• [Stored entries]
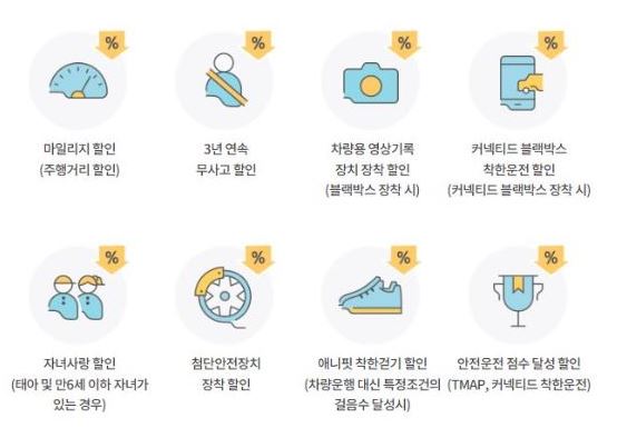만약 발생할 수도 있는 큰 사고에 대해서는 경제적, 법적 책임을 모두 본인 스스로가 감당해야 합니다. 될 수 있으면 저렴한 비용 즉, 몇 푼 아끼자고 안전하지 않은 선택은 피하시고, 보상 범위와 세부 사항을 자세히 확인하셔서 꼭 필요한 부분은 빼먹지 말고 체크하시는 것을 추천드립니다. 또한 다음과 같은 추가 할인 특약들에 해당되신다면 모두 선택하시기 바랍니다.
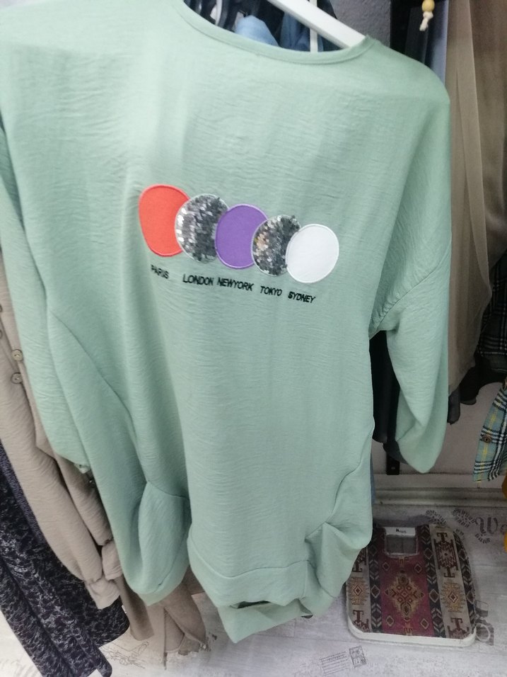 Yeşil pamuklu, uzun kollu, düğmeli, baskılı şehir isimli rahat kesim sweatshirt. Sokak stiline uygun rahat bir model.
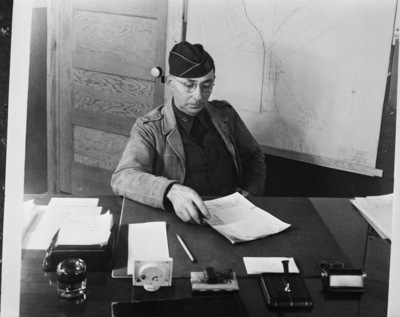 Brewer, Paul (Maj.)"; Construction; Desks; Offices; Maps; Military uniforms; Quartermasters
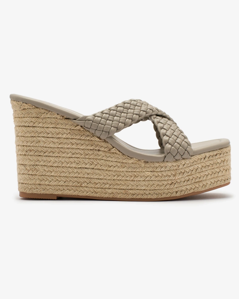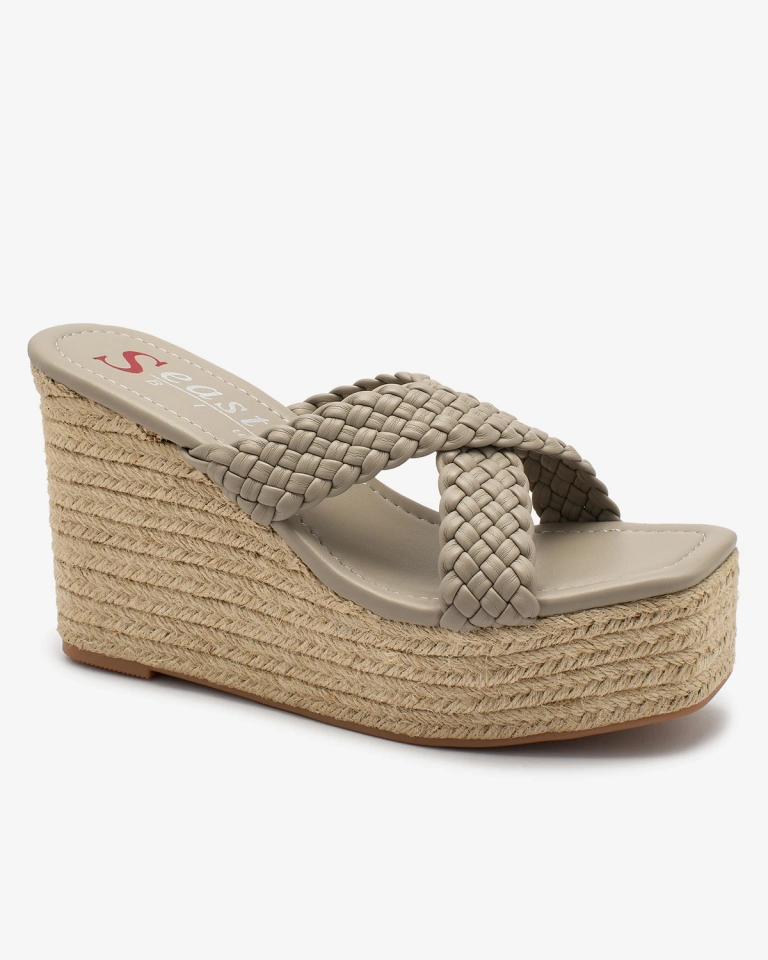 - Жіночі шльопанці з екошкіри, декоровані плетеними ремінцями. Високий якір обтягнутий джутовим шнуром, що додає шарму та характеру. Насолоджуйтесь комфортом та стилем у цій моделі на відпочинку!
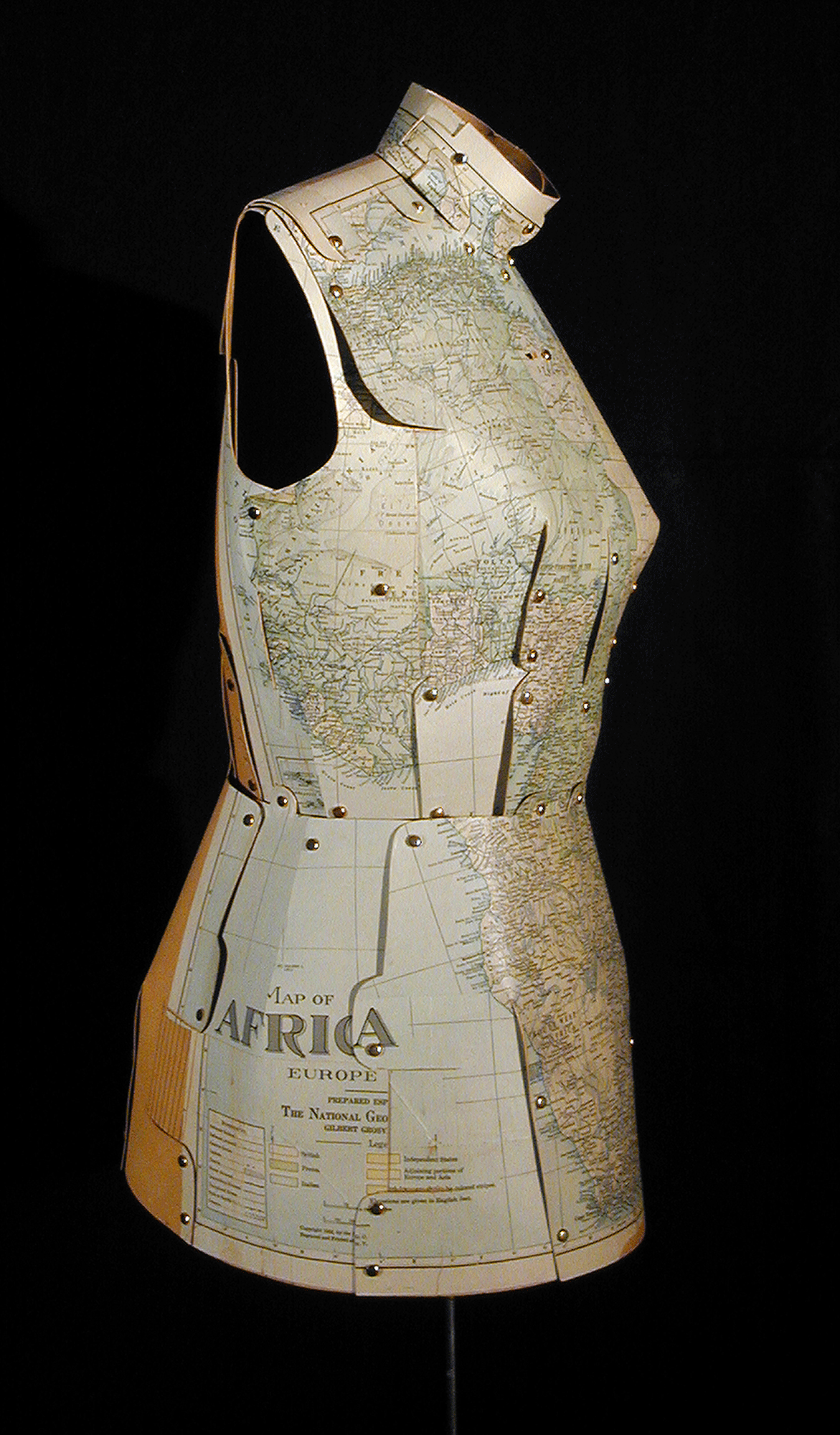 Continent, 1998, cut-and-pasted printed paper, mixed media, 29 x 14 x 14 1/2 inches
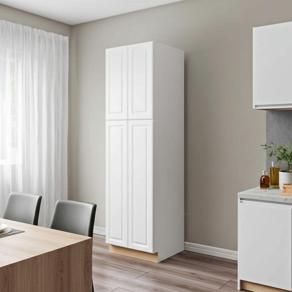 The Elgin Pantry Cabinet is a masterpiece of design and utility, seamlessly blending into any kitchen decor. Its soft-close doors and adjustable shelves offer both sophistication and practicality, while the crisp white finish brightens the space, creating an inviting atmosphere. Pair it with brass hardware for a touch of luxury or integrate it into a modern farmhouse aesthetic for a cozy yet refined look. This cabinet is not just storage; it's a statement piece that elevates your kitchen to new heights of style and functionality.
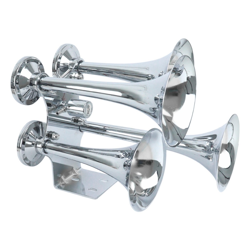 Buzina Ar Caminhão Som de Trem Navio 4 Cornetas Marítima Bivolt 12V 24V Mais Potente Do Mercado
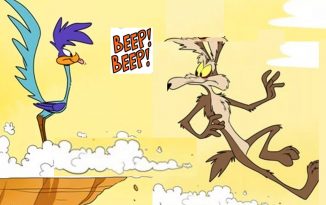 Always taking place in the natural habitat of the southwest American desert, one running gag involved the Coyote falling from a high cliff. After he goes over the edge, the rest of the scene, shot from a bird’s-eye view, shows him falling into a canyon so deep, that his figure is eventually lost to sight, except for a dust cloud rising from the canyon floor where he hits—sometimes followed by an anvil.
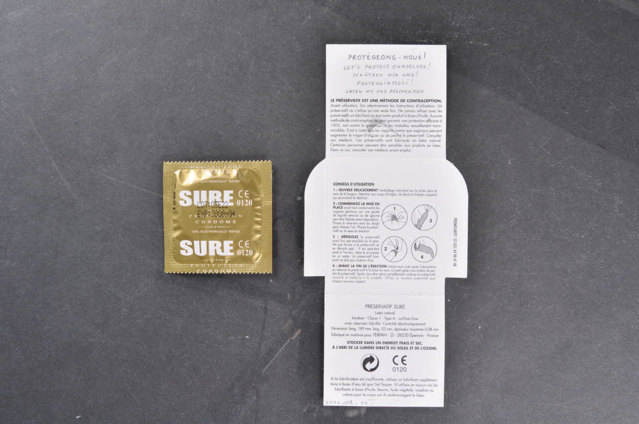 On y trouve également des conseils d'utilisation en quatre petits schémas légendés et des renseignements sur le préservatif SURE fabriqué par Terpan.
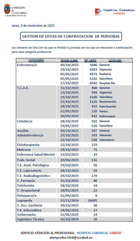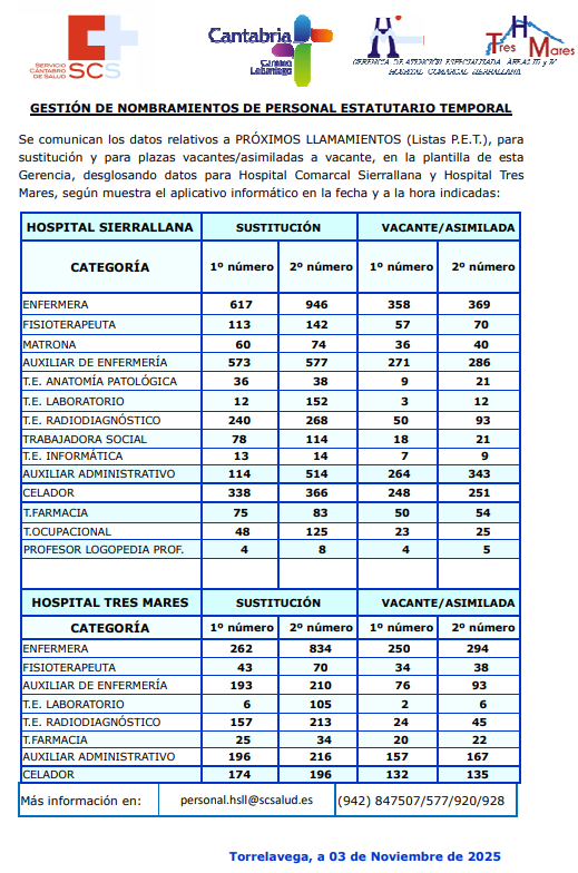 Llamamientos Bolsa de Contratación del SCS. Semana 3 de noviembre de 2025
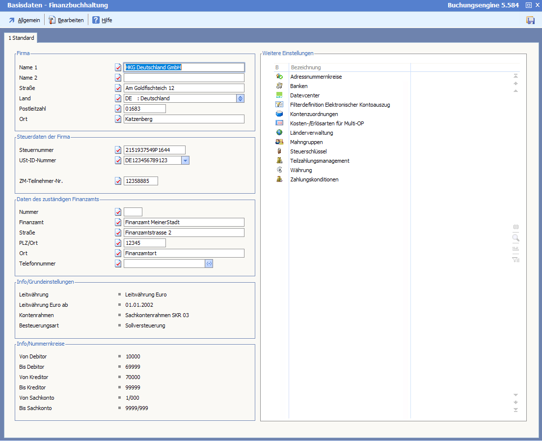 Neben den grundlegenden Firmeninformationen auf der linken Seite gibt es rechts das zentrale Dialogfeld "Weitere Einstellungen". Hier können Sie mit einem Doppelklick auf einen Eintrag den entsprechenden Bearbeitungsdialog starten.
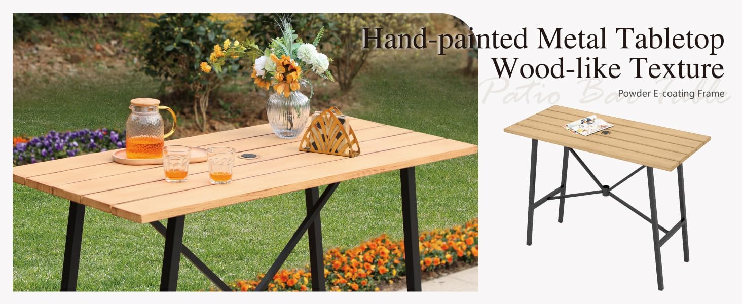 • 【Barheight Patio Table and Chairs】Combines ergonomic high back design with seamless swivel functionality, this bar set provides a stylish and elevated seating option that adds flair to any space. Patio bar table features a handpainted tabletop with woodlike texture. Umbrella hole: 1.57

• [Work request]
A verbatim copy of the records is expected, from their first line through the line with "Continent, 1998, cut-and-pasted", inclusive, with the pictures removed.

• [Output for this exercise]
만약 발생할 수도 있는 큰 사고에 대해서는 경제적, 법적 책임을 모두 본인 스스로가 감당해야 합니다. 될 수 있으면 저렴한 비용 즉, 몇 푼 아끼자고 안전하지 않은 선택은 피하시고, 보상 범위와 세부 사항을 자세히 확인하셔서 꼭 필요한 부분은 빼먹지 말고 체크하시는 것을 추천드립니다. 또한 다음과 같은 추가 할인 특약들에 해당되신다면 모두 선택하시기 바랍니다.
 Yeşil pamuklu, uzun kollu, düğmeli, baskılı şehir isimli rahat kesim sweatshirt. Sokak stiline uygun rahat bir model.
 Brewer, Paul (Maj.)"; Construction; Desks; Offices; Maps; Military uniforms; Quartermasters
 - Жіночі шльопанці з екошкіри, декоровані плетеними ремінцями. Високий якір обтягнутий джутовим шнуром, що додає шарму та характеру. Насолоджуйтесь комфортом та стилем у цій моделі на відпочинку!
 Continent, 1998, cut-and-pasted printed paper, mixed media, 29 x 14 x 14 1/2 inches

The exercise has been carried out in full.